Problem statement - Dropping every picture, set down exactly the lines in the entries below, starting with the line with "本篇笔记关联了【定制球鞋】Nike Air Force" and going on through the line with "La señal más".

Exercise inputs -
▼
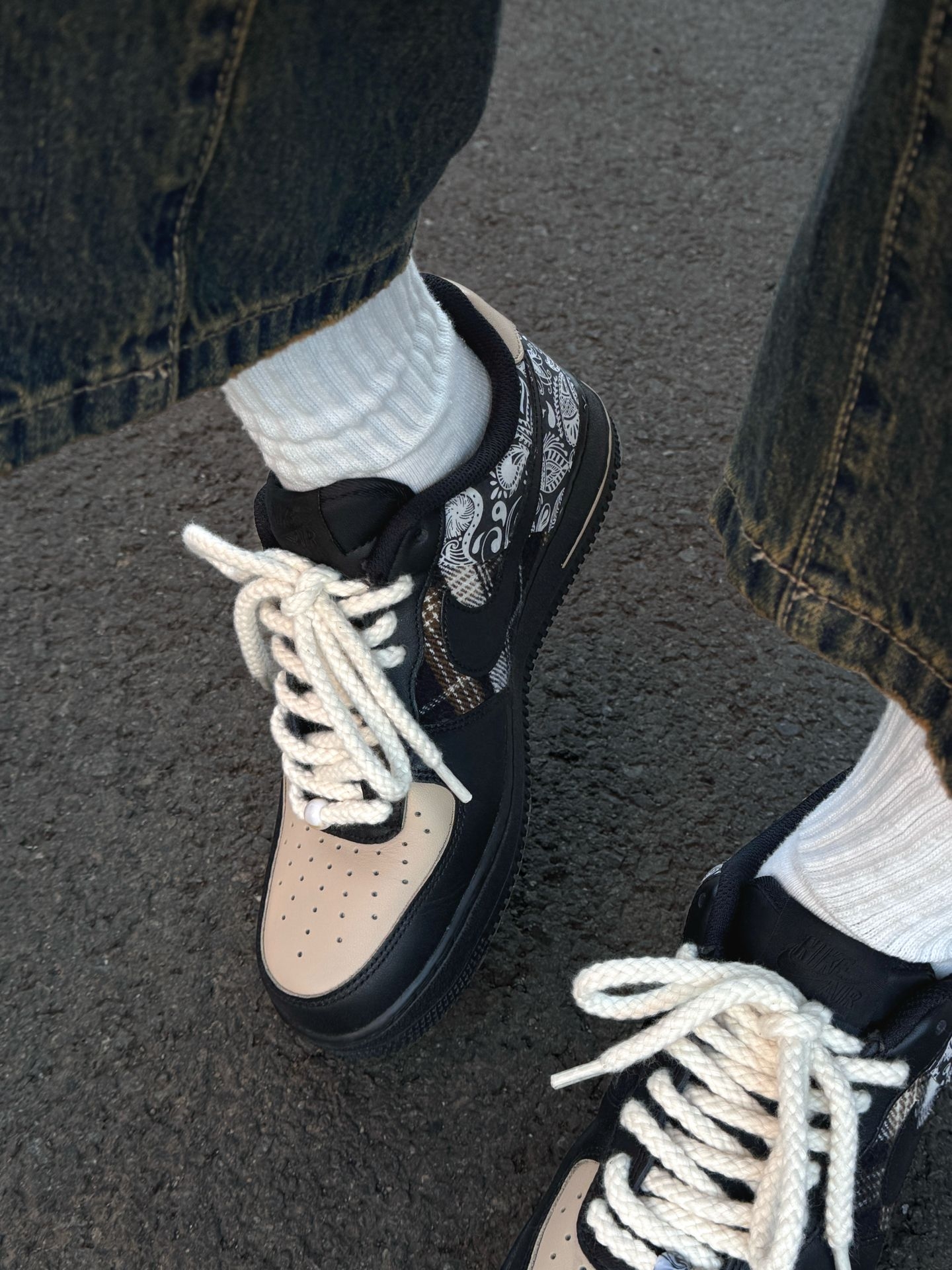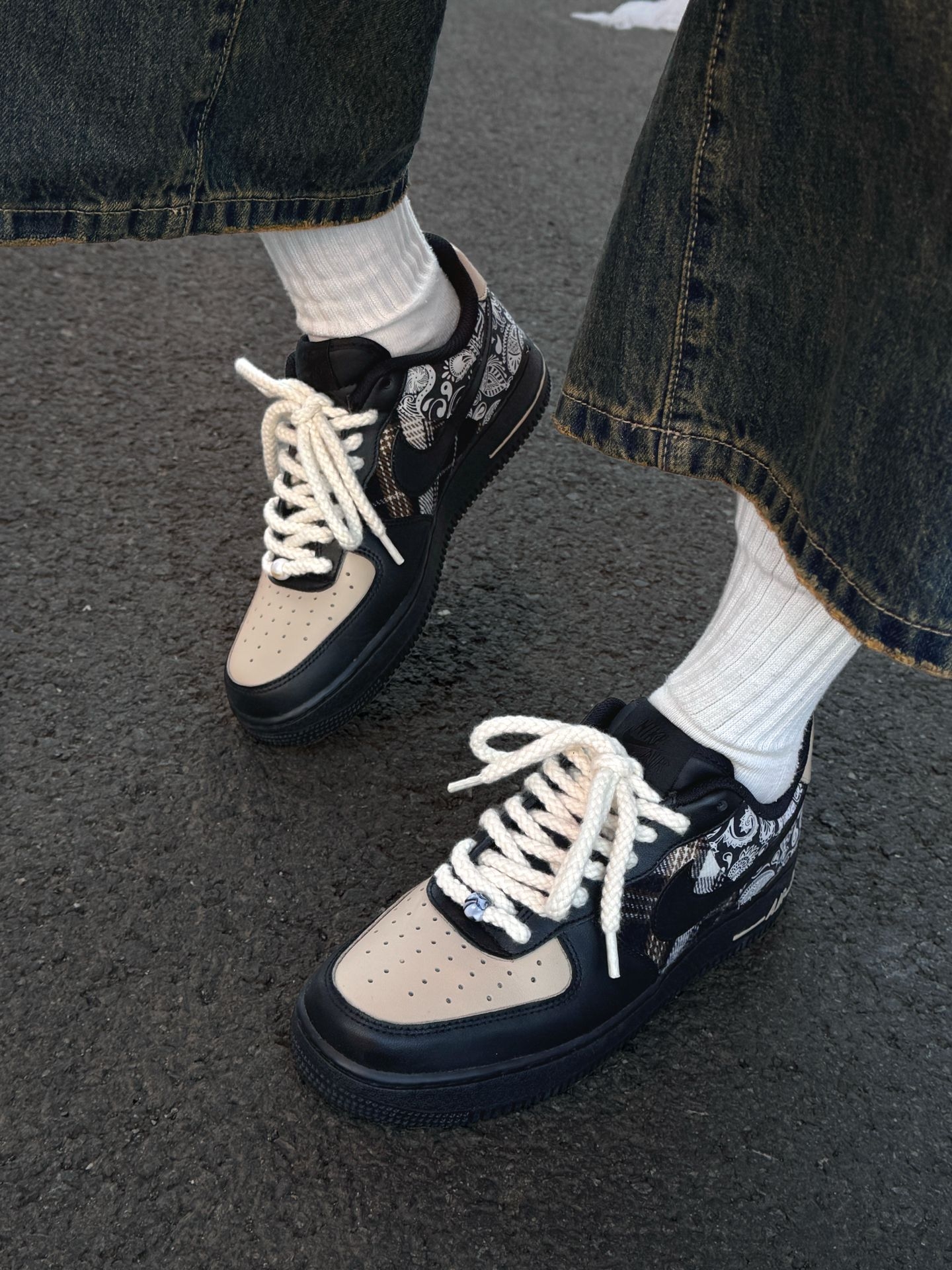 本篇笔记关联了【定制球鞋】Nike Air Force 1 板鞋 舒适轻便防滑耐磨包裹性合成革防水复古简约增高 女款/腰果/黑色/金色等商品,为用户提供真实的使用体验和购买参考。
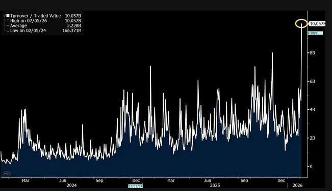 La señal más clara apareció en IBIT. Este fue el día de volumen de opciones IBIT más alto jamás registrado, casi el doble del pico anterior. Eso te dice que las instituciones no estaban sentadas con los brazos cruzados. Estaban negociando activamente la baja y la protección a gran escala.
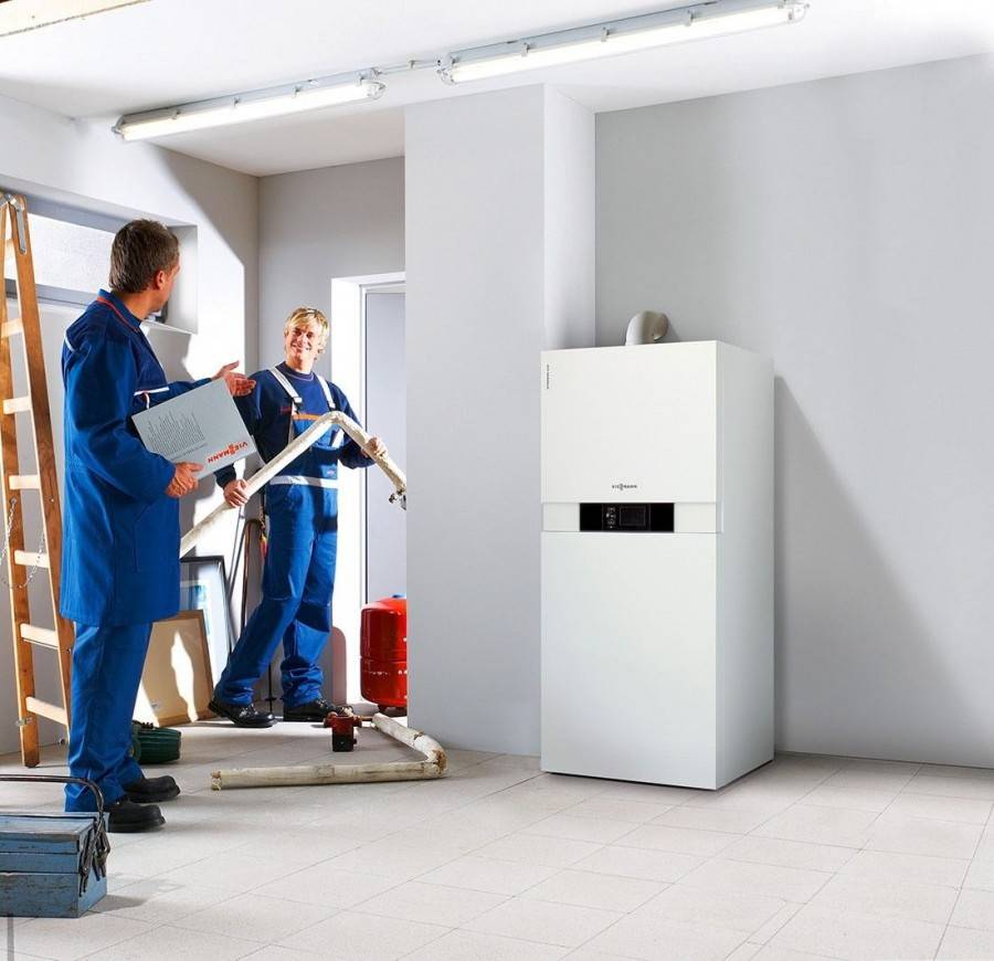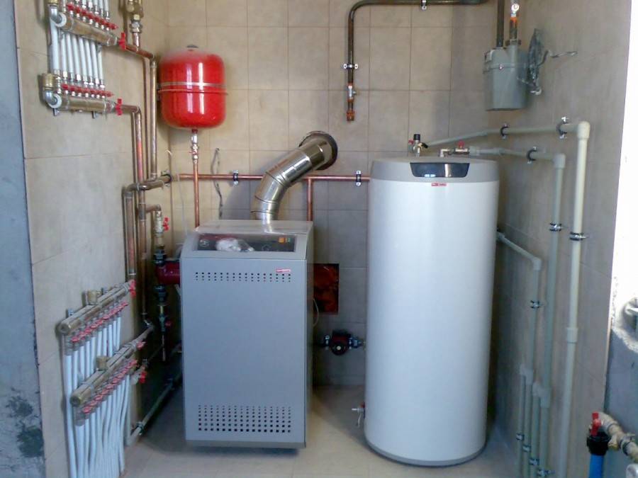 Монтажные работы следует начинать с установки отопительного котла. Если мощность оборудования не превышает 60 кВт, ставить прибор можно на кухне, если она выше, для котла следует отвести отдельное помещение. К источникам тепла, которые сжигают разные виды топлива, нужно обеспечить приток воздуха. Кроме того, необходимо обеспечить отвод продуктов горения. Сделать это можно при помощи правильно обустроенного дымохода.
▲
▼
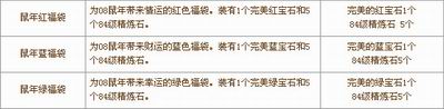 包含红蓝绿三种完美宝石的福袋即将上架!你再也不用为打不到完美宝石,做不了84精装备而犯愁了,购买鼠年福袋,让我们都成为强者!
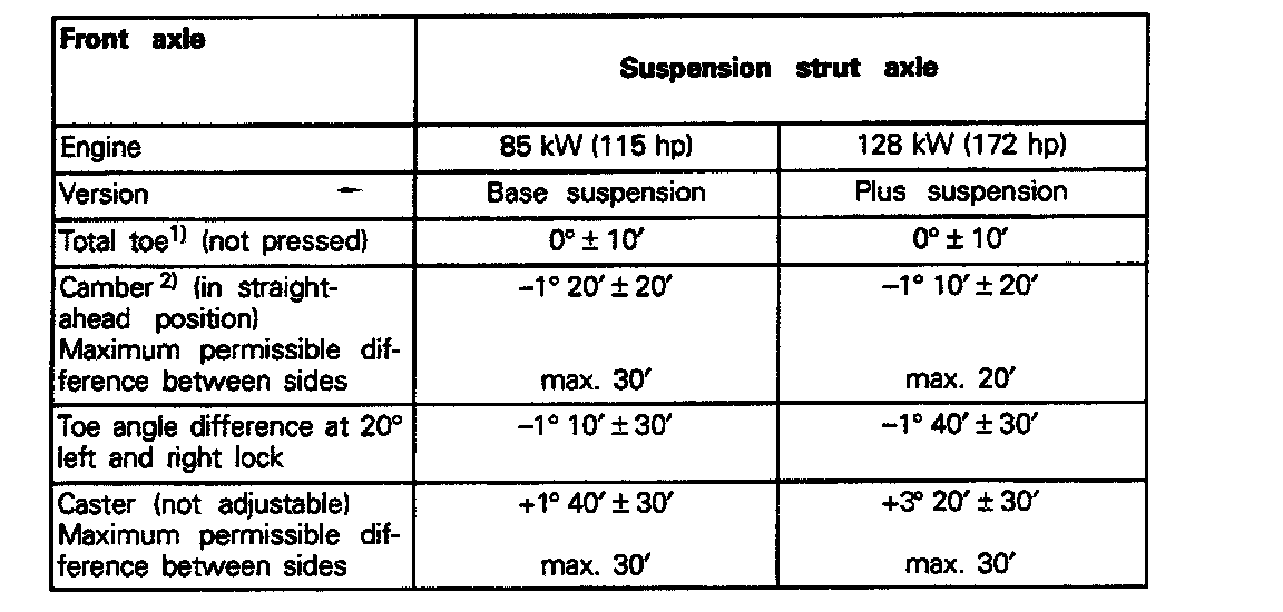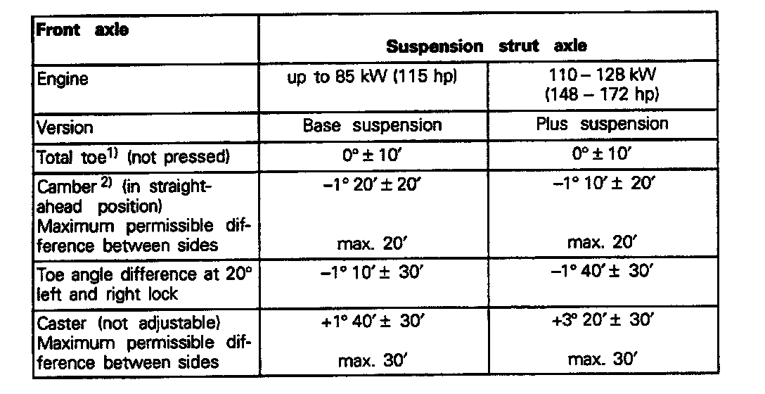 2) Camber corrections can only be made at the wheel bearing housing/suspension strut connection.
▲
Solution to this exercise -
 本篇笔记关联了【定制球鞋】Nike Air Force 1 板鞋 舒适轻便防滑耐磨包裹性合成革防水复古简约增高 女款/腰果/黑色/金色等商品,为用户提供真实的使用体验和购买参考。
 La señal más clara apareció en IBIT. Este fue el día de volumen de opciones IBIT más alto jamás registrado, casi el doble del pico anterior. Eso te dice que las instituciones no estaban sentadas con los brazos cruzados. Estaban negociando activamente la baja y la protección a gran escala.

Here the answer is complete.